I used my sysbench helper scripts with my sysbench branch and configured it to create 1 table with 800M rows. The binlog was enabled but sync on commit was disabled for the binlog and database log. The sysbench client shared the host with mysqld. The host has 48 HW threads, 50gb of RAM for the OS and MySQL and fast SSD. The test table is larger than RAM but it will take me a few days to get details on that. The test was repeated for MyRocks, InnoDB and TokuDB. I continue to use the IO-bound setup as described previously.
  • I compiled MyRocks on August 15 with git hash 0d76ae. The MyRocks tests were done without compression and with zstd compression. 
  • I used TokuDB from Percona Server 5.7.17. The TokuDB tests were done without compression and with zlib compression. I tried tokudb_disable_prefetching ON and OFF, but I have been setting this to ON for my OLTP benchmarks. 
  • I used InnoDB from upstream 5.6.35, 5.7.17, 8.0.1 and 8.0.2. For 8.x I used latin1/latin1_swedish_ci charset/collation. The performance_schema was enabled. The InnoDB tests did not use compression. 
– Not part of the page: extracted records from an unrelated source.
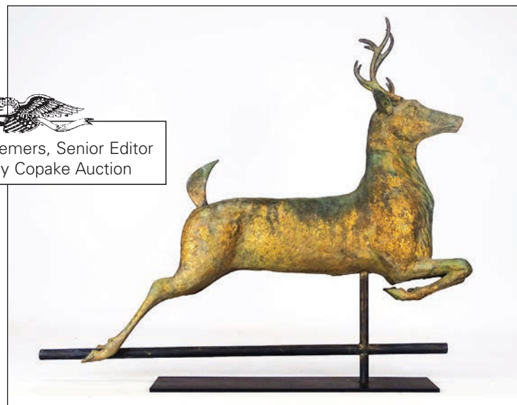
Top selling weathervane in Copake's sale was a leaping stag example, stand included, 29 by 26 inches, which cleared its $6,000 high estimate to finish at $8,100, the high price in the sale.
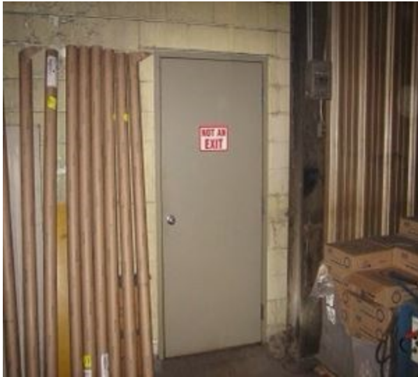
Door to storage closet in basement is properly marked NOT AN EXIT
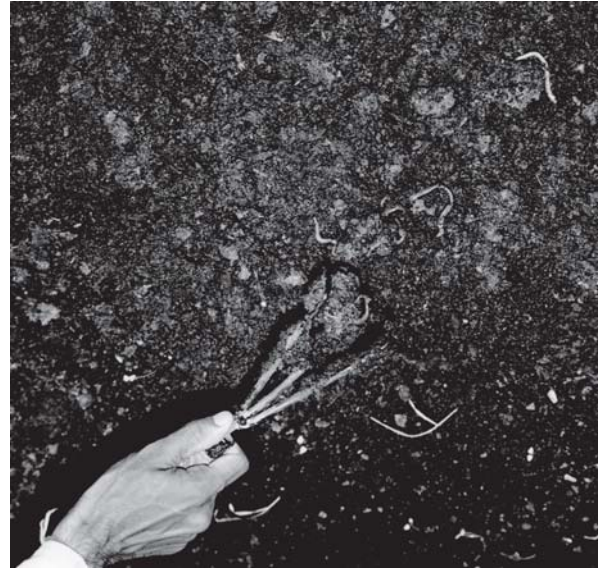
Fig. 16.6 Vermicomposting

Put some wastes as food in one corner of the pit. Most of the worms will shift
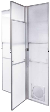
PART NUMBER: AGSHIELD-TO
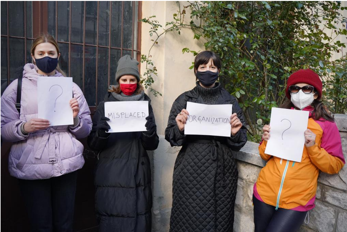
Culture Hub Croatia: Misplaced Women? Misplaced Organisation?, Split, Voids2021
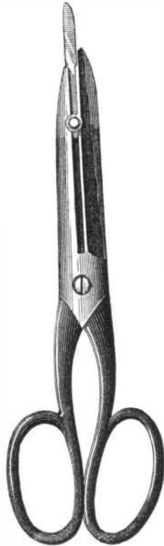
The annexed engraving shows the device very clearly.

Combination implements are coming more and more into use. Every day brings us new forms of instruments, more or less complicated, designed to reduce the number of tools which an operative must have at hand by placing several tools in one handle. Many of these devices show considerable invention, and save expense in first cost, as well as time and trouble in manipulation.
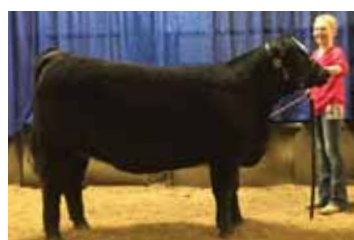
Dam of Lot 36 Anchorage Delight 6045
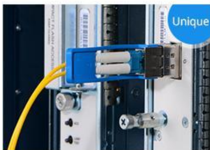
Cisco ASR 9000 Series(A9K-MPA-1X40GE)

The original switches could be found nowhere but at FS.COM test center, eg: Juniper MX960 & EX 4300 series, Cisco Nexus 9396PX & Cisco ASR 9000 Series, HP 5900 Series & HP 5406R ZL2 V3(J9996A), Arista 7050S-64, Brocade ICX7750-26Q & ICX6610-48, Avaya VSP 7000 MDA 2, etc.
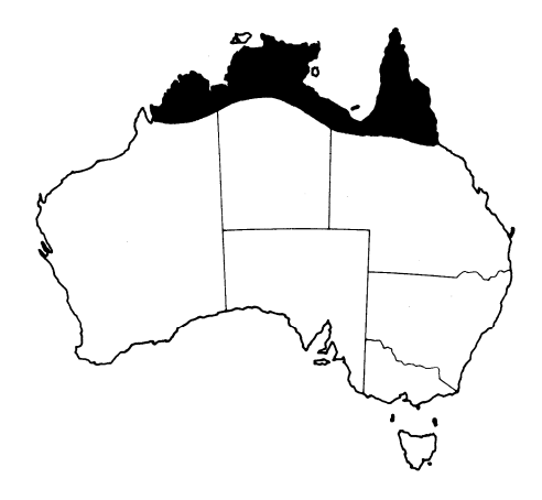
Figure 2: The distribution of the freshwater crocodile Crocodylus johnstoni in Australia (Source: Cogger 2000).

Geographic variation in morphology has been shown, however the extent of geographic variation across its entire range is yet to be determined (Webb and Manolis 1993, Edwards et al. in prep. ). Some populations of freshwater crocodile are strikingly stunted with mature males reaching only 1.2 metres in total length and weighing 7 kilograms (Webb and Manolis 1989).
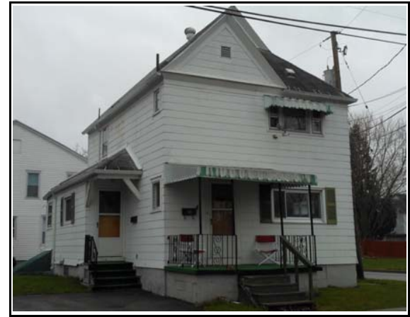
4 Sumner St 180200 84.019-3-18

Neighborhood: 500 Property Class: 210 - 1 Family Res Sale Date: 6/27/2024 Sale Price: $ 122,340 Prelim 2025 Land Asmt: $ 12,000 Prelim 2025 Asmt: $ 122,000 Building Style: Old Style Exterior Wall: Brick Year Built: 1900 Basement Type: Full Grade: Average Condition: Normal SFLA: 1,183 Sale Price/SFLA: $ 103.42 Number Bedrooms: 3 Number Baths: 1.5
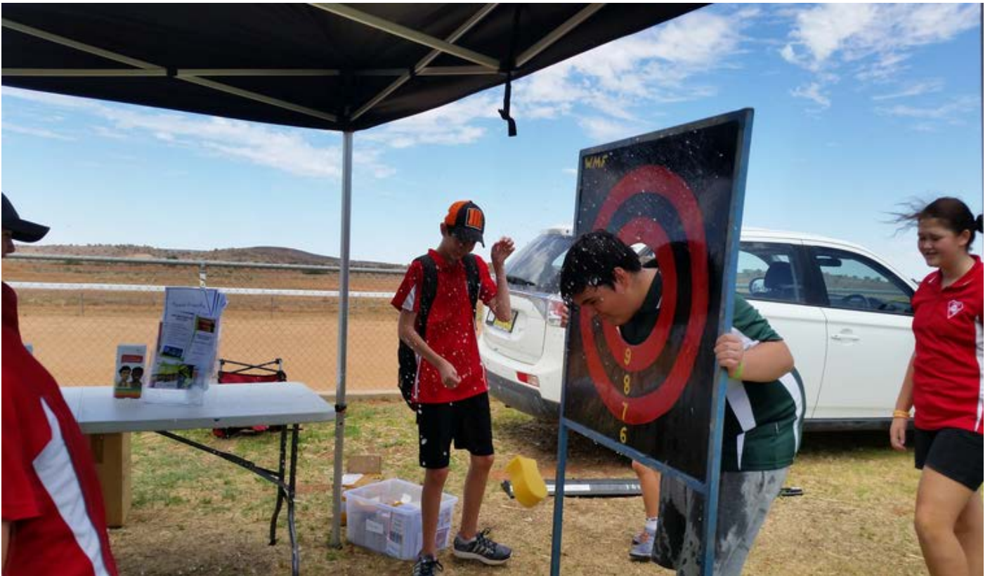
Students cooled off by throwing wet sponges at their peer support leaders at the Maari Ma Youth Health Tent
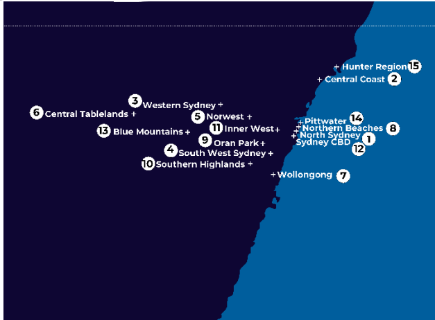
NSW Existing Locations: 15
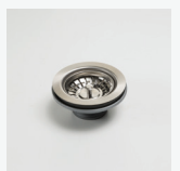
AC14 Basket Waste

A sample command line for sysbench is:
bash all.sh 1 800000000 180 300 180 innodb 1 0 /bin/mysql none /sysbench10 /dbdir

Results

The load is in PK order and there are no secondary indexes. Engines have similar performance although there is a slow regression for InnoDB with each new release and there is a big regression from 8.0.1 to 8.0.2 which I hope will be fixed when 8.x approaches GA. The ratio is the time to load for the engine divided by the time to load for InnoDB from MySQL 5.6.35.

load    load    engine
secs    ratio
 7266   1.000   inno5635
 7833   1.078   inno5717
 8286   1.140   inno801
10516   1.447   inno802
 7640   1.051   myrocks.none
 7810   1.074   myrocks.zstd
 7558   1.040   toku5717.none
 7494   1.031   toku5717.none.prefetch
 7726   1.063   toku5717.zlib 

Create index performance has more diversity. The table is larger than RAM, some of it will be read from storage and engines with compression (MyRocks.zstd, toku5717.zlib) suffer from decompression latency. The prefetch option doesn't help TokuDB in this case. InnoDB create index performance got much faster starting in 5.7. The ratio is the create index time for the engine divided by the time for InnoDB from MySQL 5.6.35.

create  create  engine
secs    ratio
 3565   1.000   inno5635
 1904   0.534   inno5717
 1961   0.550   inno801
 1966   0.551   inno802
 3321   0.931   myrocks.none
 3802   1.066   myrocks.zstd
 9817   2.753   toku5717.none
 9855   2.764   toku5717.none.prefetch
10731   3.010   toku5717.zlib

Charts

These charts have the same data as the tables above.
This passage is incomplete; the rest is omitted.